これで別の店を探そうだなんて言ったら間違いなく吸血されると思った俺はボタンを待たざるを得なくなった。
数分経って、肉の焼けた芳ばしい匂いが鼻に届いた。
「ヘイお待ち! ドランコ豚のステーキなのですよ!」
目の前に置かれた分厚いステーキを見た瞬間に、シアンの目がギランッ! と光る。
「イタダキマァァァァァアアアアアス!!」
シアンはステーキのど真ん中にフォークを突き立てて自分の顔ぐらいの大きさの肉を無理やり口の中に詰め込んで強引に咀嚼していく。

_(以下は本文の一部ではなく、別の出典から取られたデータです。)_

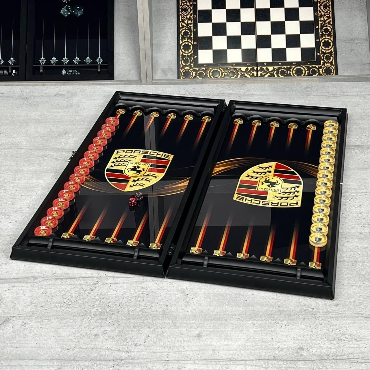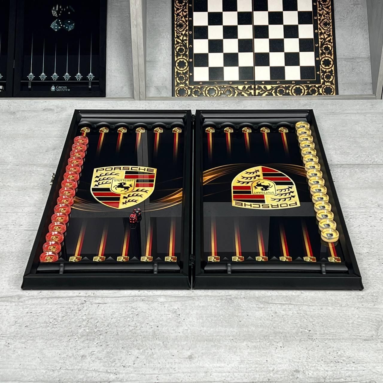 Нарди скляні 61х27см в металевому корпусі Porsche (Порше)

その勢いにその場にいた三人が戸惑っている内に、自分の分のステーキを飲みこんだシアンの鋭い眼光はギロリと俺のステーキまで狙い始める。
まぁ、気付いた時には遅かったってわけよ。
「ちょっ!? おい! 俺の分まで食ってんじゃねぇよ!!」
「まぁまぁ慌てるなハヤト。私の肉も気が付いたら食べられていたよ」
「お前はなぜそんなに冷静でいられるんだ!? ちくしょう! もう一皿頼む!」
「かしこまりなのです! じゃんじゃん食べていけなのですよ!」
ウインクしながら腕まくりをして異世界のはずなのに江戸っ子のようなキャピキャピのボタンが再度厨房へと戻って行く。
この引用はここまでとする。